- [ACTION ITEM]
In this exercise, return only the lines that run from the line with "另外,明日之路將在上海做一場" to the end of the entries below, both included. Pictures are not copied.

RECORDS TO USE START

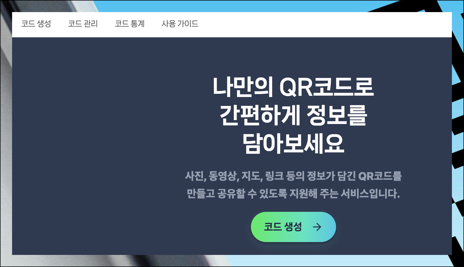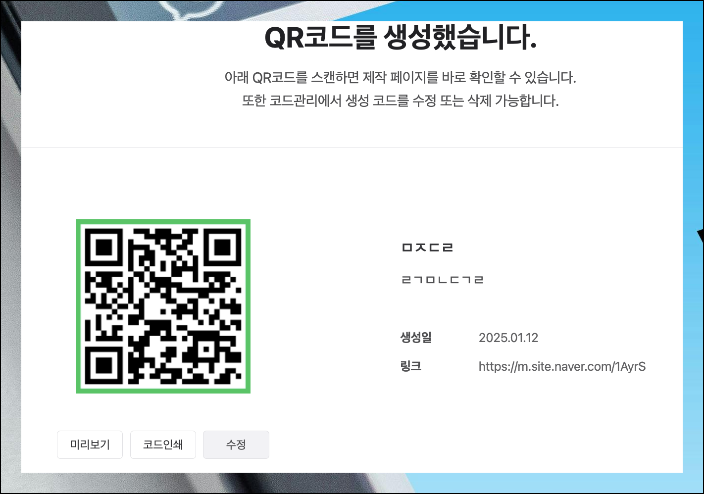 qr코드 만들기 버튼이 메인 화면에 있어요. 제작한 코드는 관리 메뉴를 통해 언제든지 확인할 수 있습니다. 무료로 제공되는 관리 기능을 통해 수정도 가능해요.
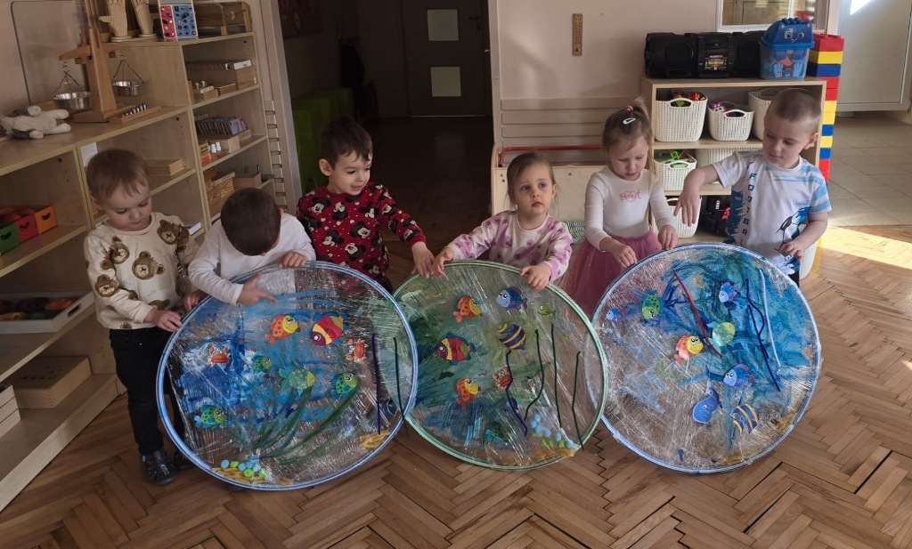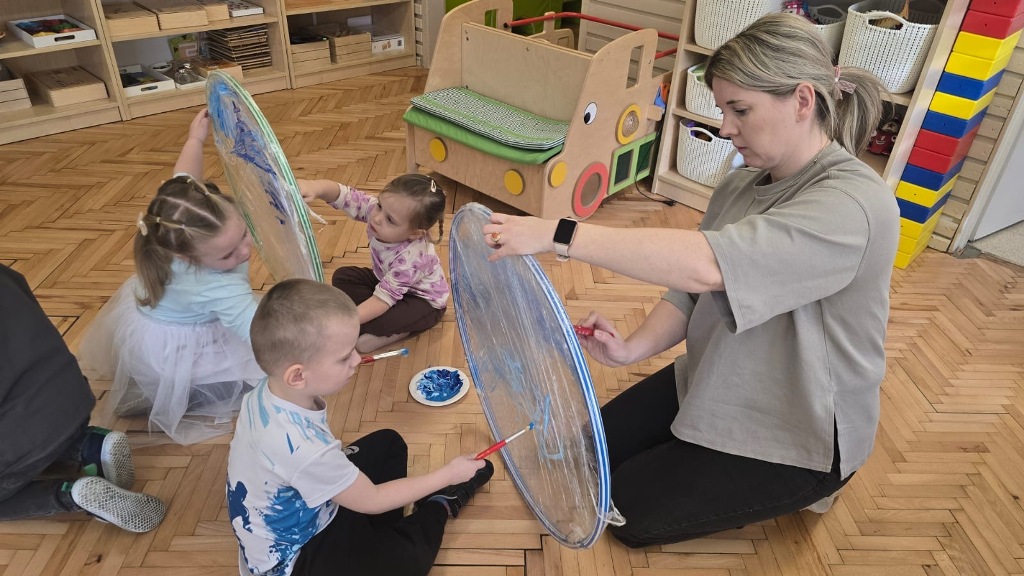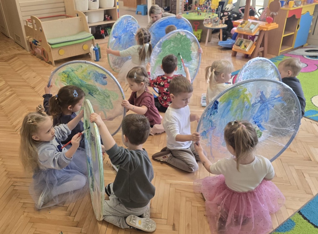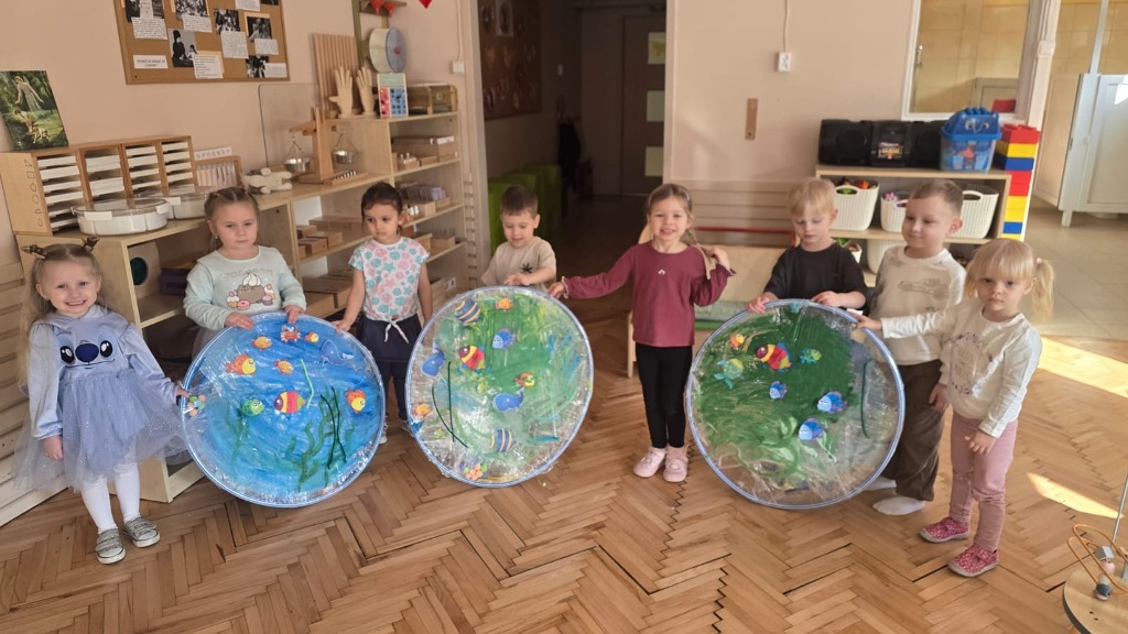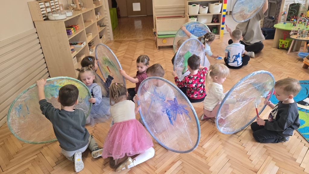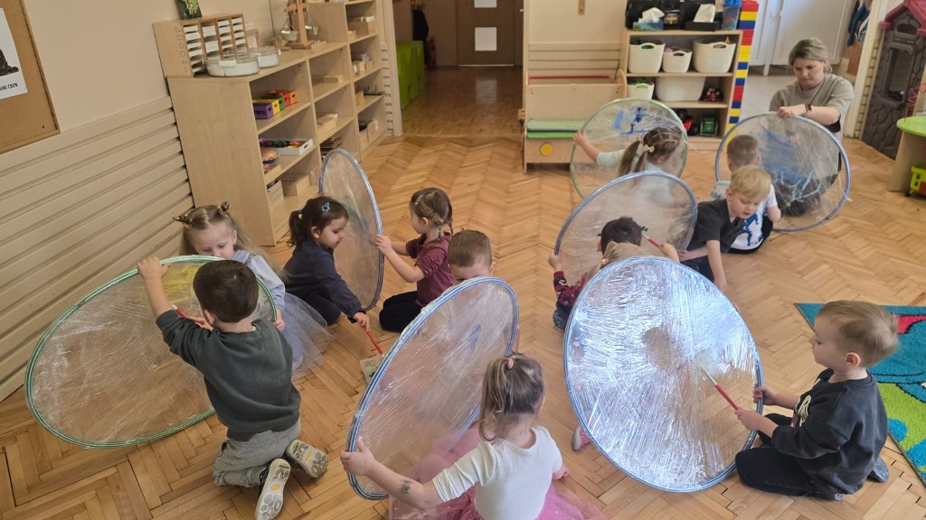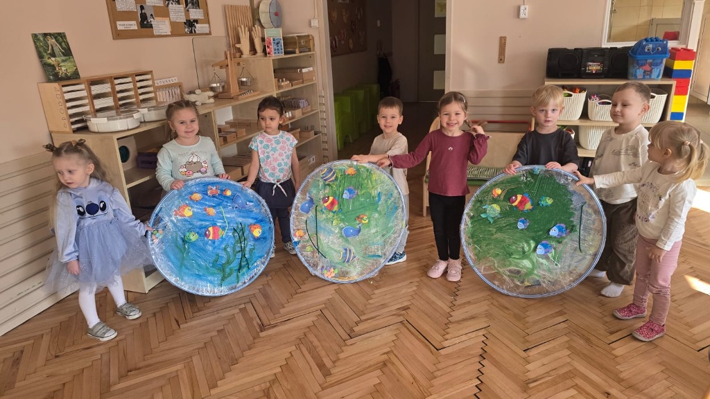 Dziś dzieci z grupy Niedźwiadki uczestniczyły w wielozmysłowych zajęciach plastycznych, tworząc zbiorową wizję oceanu na folii stretch. Głównym elementem zajęć było połączenie ekspresji malarskiej z aktywnym słuchaniem muzyki klasycznej- muzyki o tematyce wodnej. Spokojne tempo utworów klasycznych sprzyjało skupieniu uwagi na precyzyjnych ruchach pędzla. Malowanie na wspólnej, dużej płaszczyźnie folii stretch wymuszało współpracę i wzajemne dopasowanie swoich wizji artystycznych. Dzięki kojącym dźwiękom muzyki klasycznej, prace zyskały niezwykłą płynność i bogactwo barw. Dzieci z dużym zaangażowaniem tworzyły falujące wodorosty i kolorowe rybki, reagując dynamiką ruchów na zmiany w brzmieniu instrumentów.
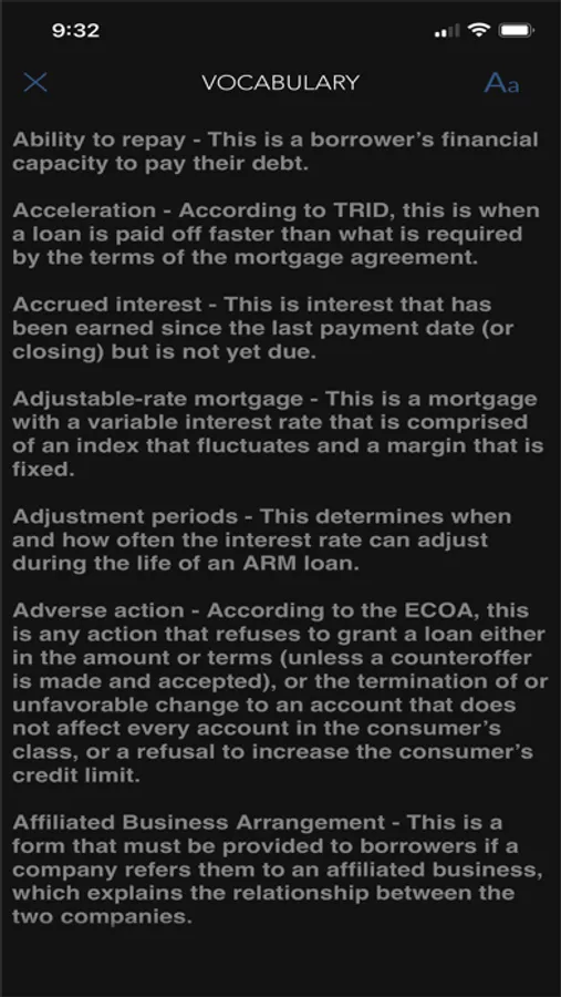 • Vocabulary - An A to Z review of the key vocabulary terms you’ll need to know for the NMLS SAFE exam.
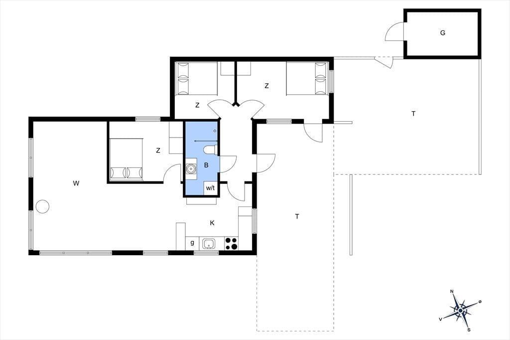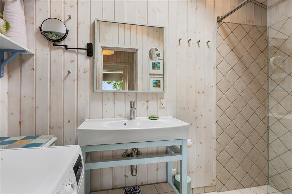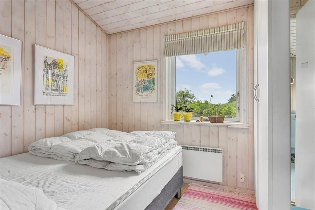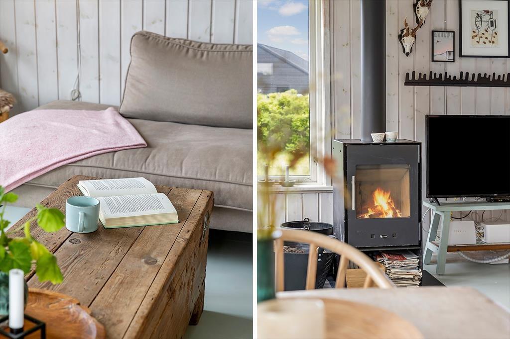 De lyse trævægge, det pæne møblement og den hyggespredende brændeovn er alt sammen med til at give huset en rar atmosfære, så I hurtigt kan føle jer hjemme og mærke feriefreden sænke sig. Det øger også sommerhusromantikken, at I kan se lige ud på havens hybenbuske gennem stuevinduerne – der for øvrigt også sørger for et godt lysindfald i løbet af dagen. Et fladskærms-tv står lige ved sofaen, hvis I er i humør til en tilbagelænet filmaften, og I kan også samles ved spisebordet for at hyggesnakke og spille kort i timevis. I det åbne køkken er der opvaskemaskine, mikroovn og andre gode hvidevarer, der gør det nemt at trylle små og store feriemåltider frem. Et badeværelse med bruser og vaskesøjle ligger lige ved entréen, og når det er sengetid, har I tre gode soveværelser til rådighed.
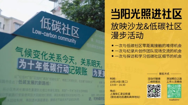 另外,明日之路將在上海做一場微紀錄片放映沙龍及低碳社區(qū)citywalk活動,感興趣的快來報名吧~~
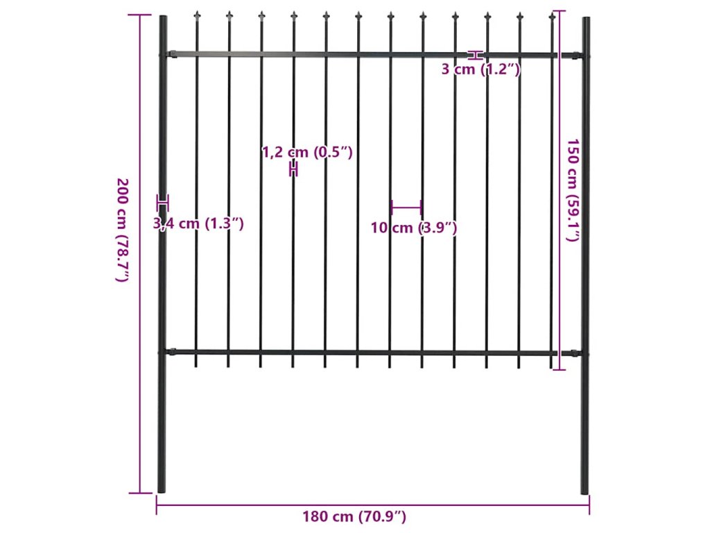 Zahradní plot s kopím nahoře ocelový 181 x 150 cm černý 144927
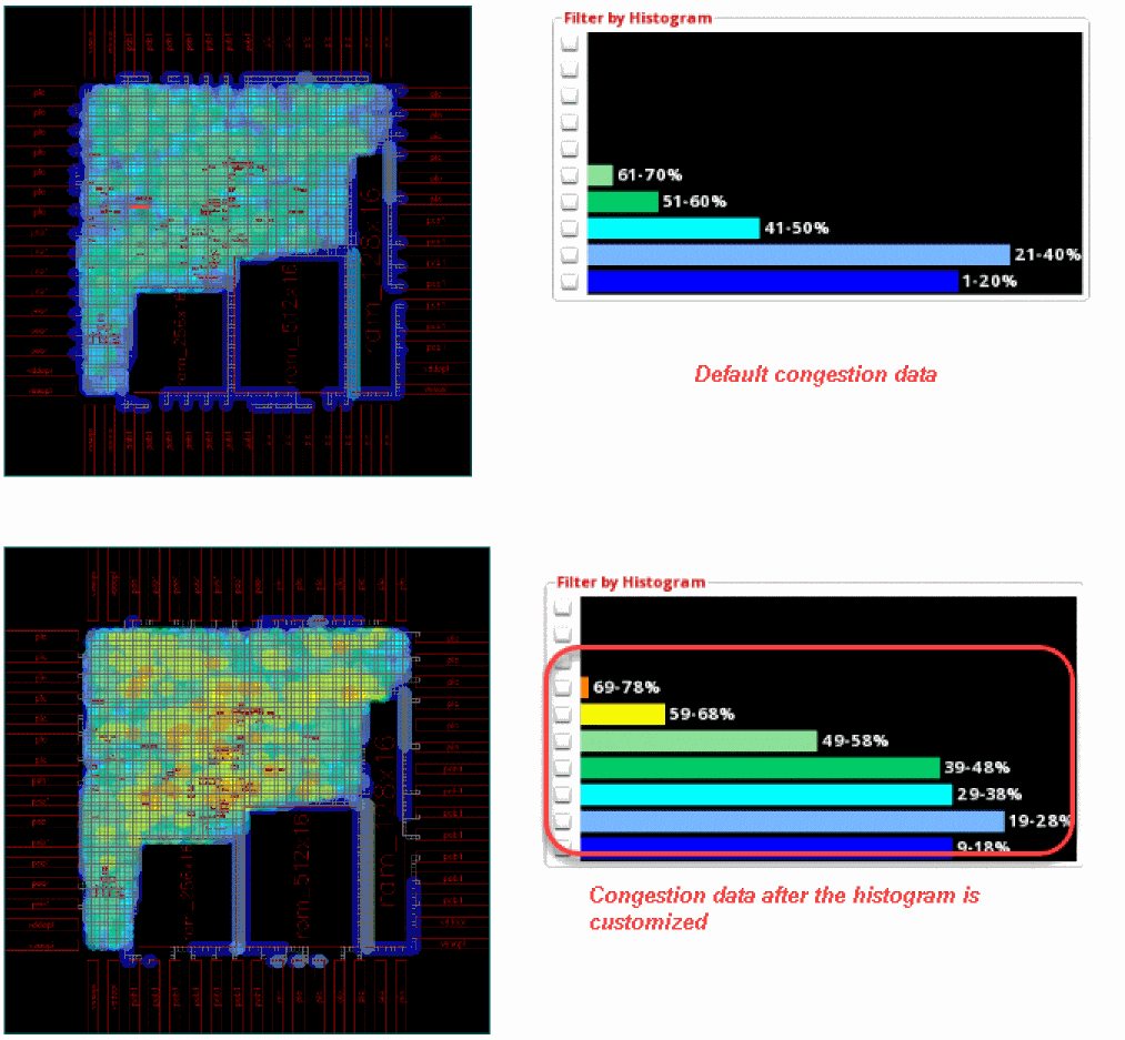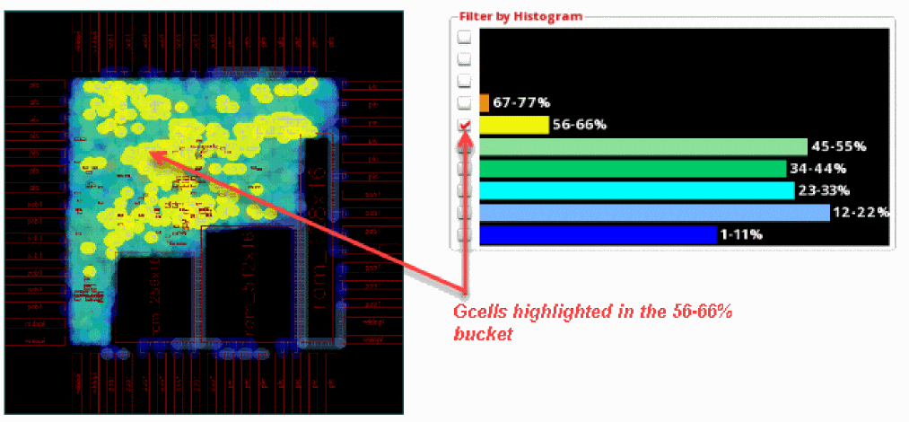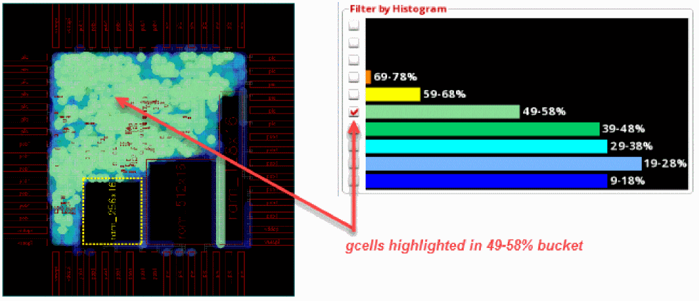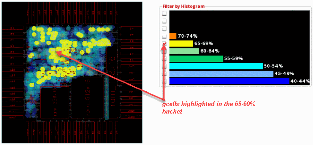 Now, click the check box next to the 65-69% bucket. The gcells in this bucket are highlighted in the heat map and the global cell track utilization table.

RECORDS TO USE END

- [FINAL ANSWER]
 另外,明日之路將在上海做一場微紀錄片放映沙龍及低碳社區(qū)citywalk活動,感興趣的快來報名吧~~
 Zahradní plot s kopím nahoře ocelový 181 x 150 cm černý 144927
 Now, click the check box next to the 65-69% bucket. The gcells in this bucket are highlighted in the heat map and the global cell track utilization table.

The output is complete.